Actually I wouldn’t fall very far right now.

She was keeping them just a couple of feet above the water on the bridge.

“It’s the same thing as last time.” Kon’s voice was strained as he watched the ocean build up on the roadway, the side rails, the lampposts. “Maybe whatever Plopstar is doing isn’t helping?”

“Someone’s ordered her to fight the ocean. Give her time,” said Mehdi.

“Maricel, how long can you hold this much weight?” Haoyu asked.

“It’s fine,” she answered. “I’m sure I could get us all the way to the end of the bridge like this. But…I would rather not carry anyone else if I don’t have to. Just in case.”

There was a groaning, crackling sound from somewhere behind them.

It could have been anything, but Alden’s imagination conjured visions of The Span—put under pressures that even the most creative magical engineers probably hadn’t anticipated—beginning to snap into pieces.

“You’d better take us higher,” Lexi said quietly. “Before someone runs up and decides to invite themselves on board. Anyone who sees us is going to see a lifeboat with plenty of room, and they won’t listen to you when you try to tell them there’s a limit.”

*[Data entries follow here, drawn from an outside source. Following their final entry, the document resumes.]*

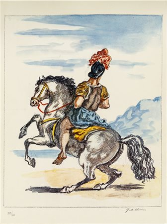 Opera firmata a matita in basso a destra e con numerazione 282/600 in basso a sinistra, H cm 55x40- cartella H cm 56,5x40,5x1. - Dalla cartella “Giorgio De Chirico con un saggio di Salvatore Quasimodo”, Alberto Marotta Editore, Napoli, 1968.
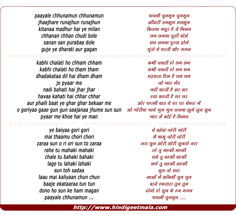 Lyrics of Paayalen Chhunamun - पायलें छुनमुन
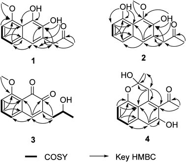 The molecular formula of 2 was established as C14H14O4, and its 1D NMR spectra were very similar to those of 1 (Table 1). In fact, the two-dimensional NMR analyses revealed that 2 comprises the identical tetrasubstituted naphthalene skeleton to that of 1 (Fig. 2). On the other hand, the HMBC correlations from two phenolic protons and a methoxy group and the downfield 13C resonance of the methoxy carbon (δC 62.5)10) strongly suggested that the methoxy group in 2 is attached to C1 (Fig. 2), and the chemical structure of 2 was completely determined (Fig. 1).
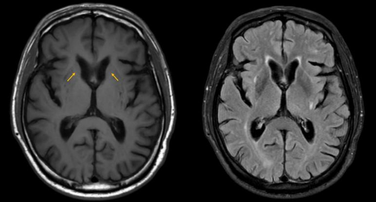 图3 头颅MRI+SWI:双侧尾状核头萎缩(左T1相,右FLAIR相)
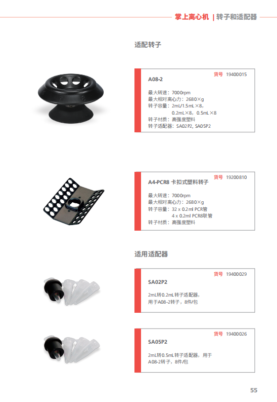 較大容量2ml x 8 離心管; 2 x 0.2ml PCR8排管,當(dāng)與適配器聯(lián)用時(shí),亦可使用0.5ml或0.2ml離心管。
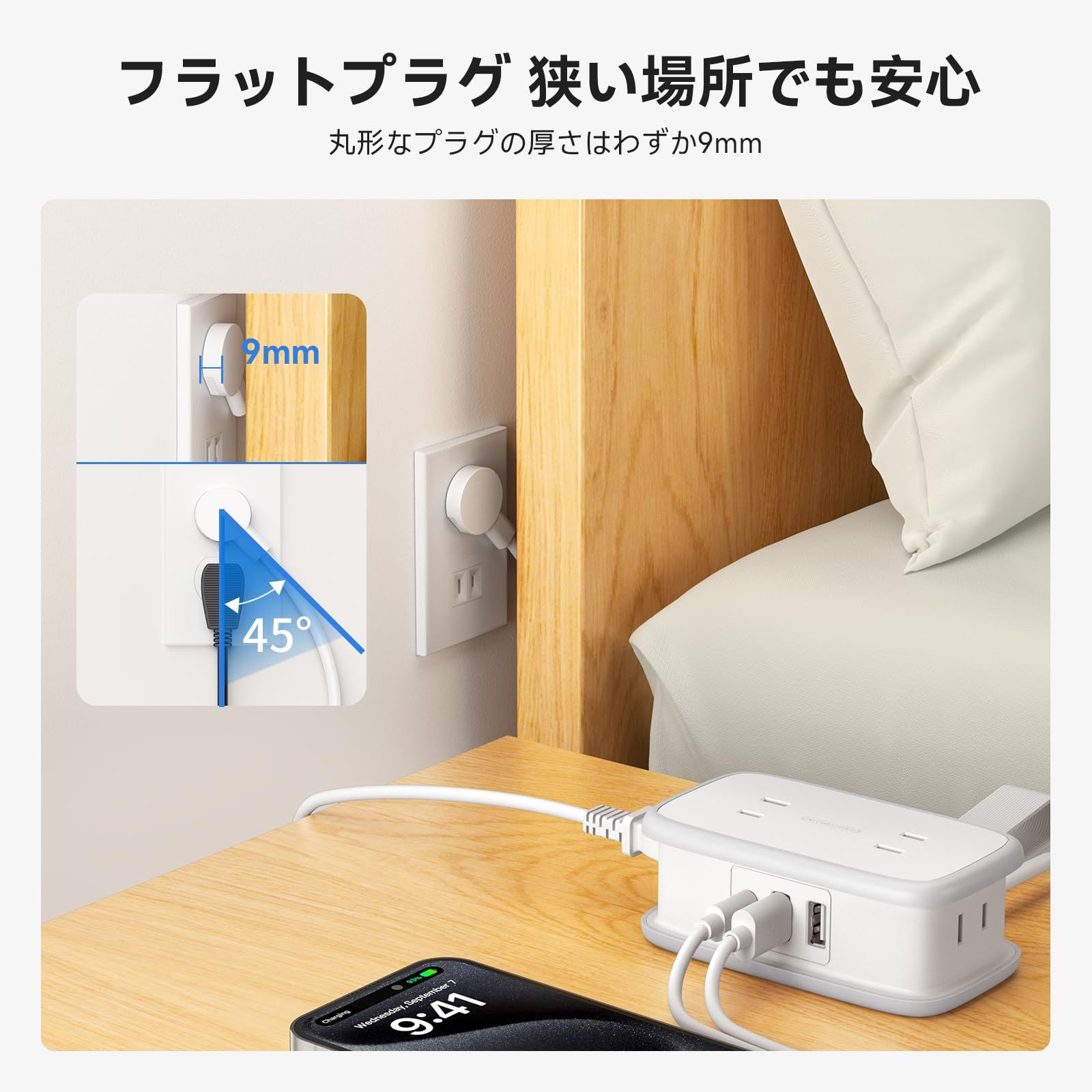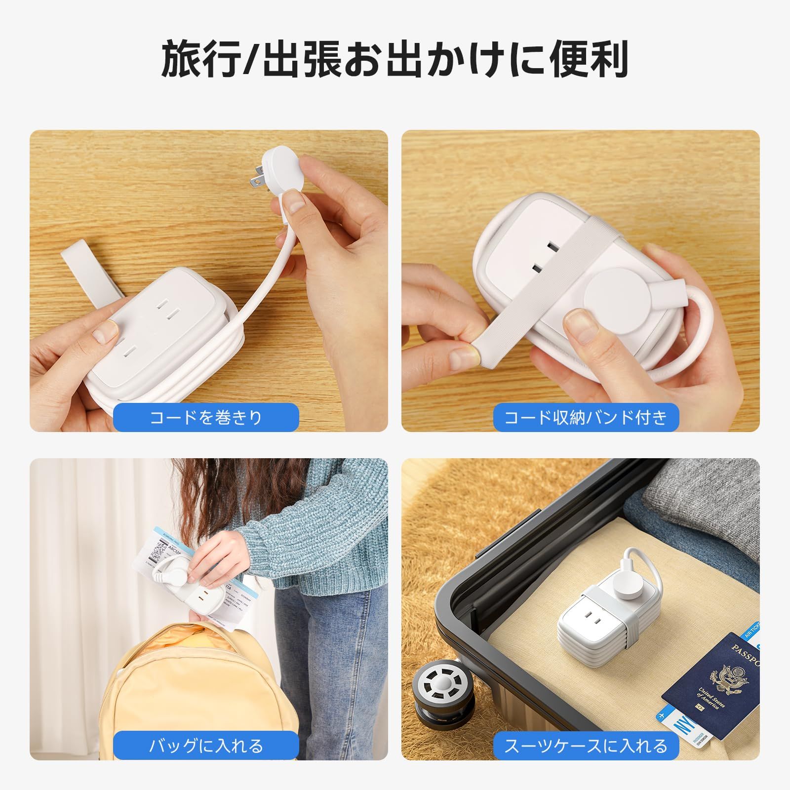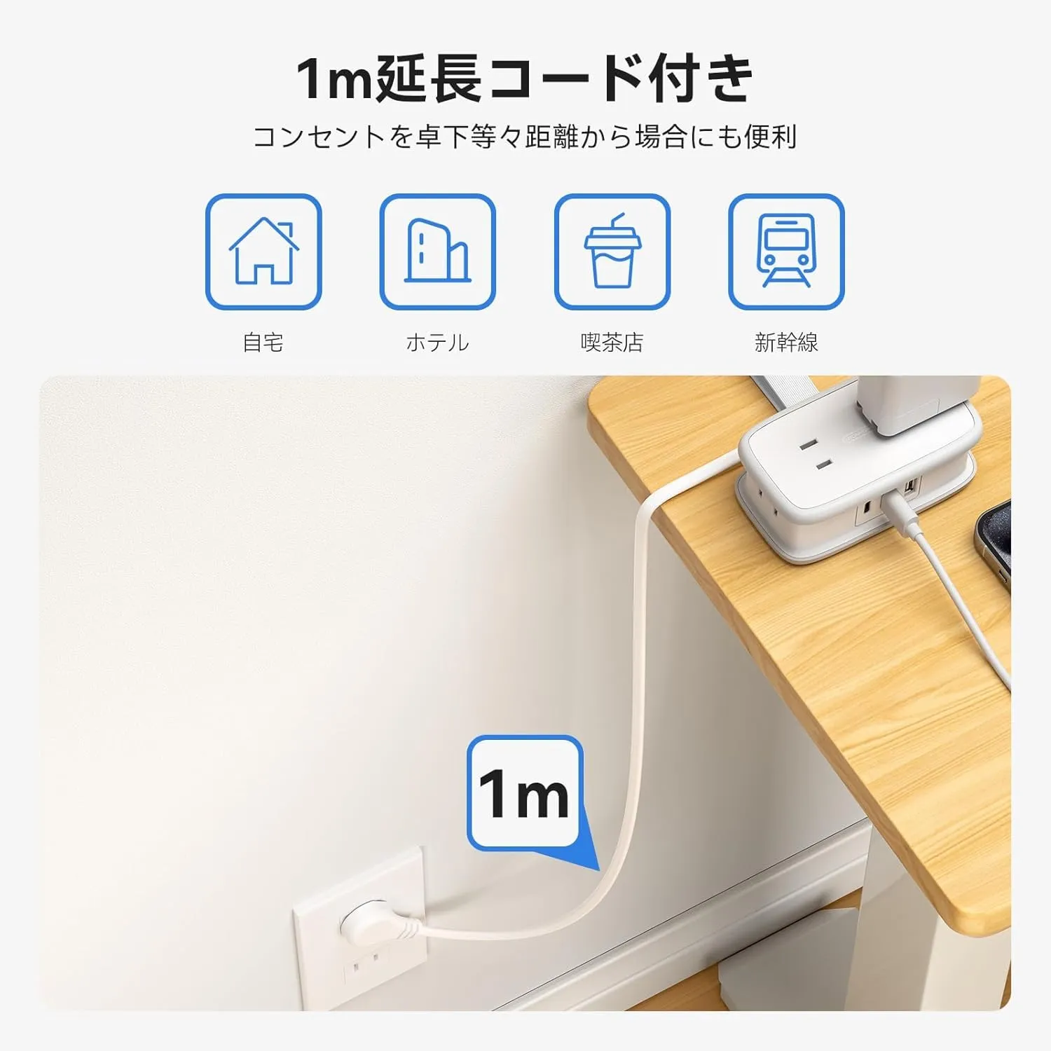延長コード 1m タイプC NTONPOWER 電源タップ USB付き コンセントタップ 軽量小型 テーブルタップ コード短い 巻き取り 蛸足コンセント 出張/旅行/入院/自宅

As if the illustrate his point, Dee’s voice called, “Room for two more!?” just then. The man who’d been trying to get help crossing the bridge was with her. The water was piling higher this time than it had before. It was well past their knees.

Alden’s heart raced watching it, wondering when it was going to start pulling the bridge down, and then…it just went back to being normal water suddenly. Like it had changed its mind.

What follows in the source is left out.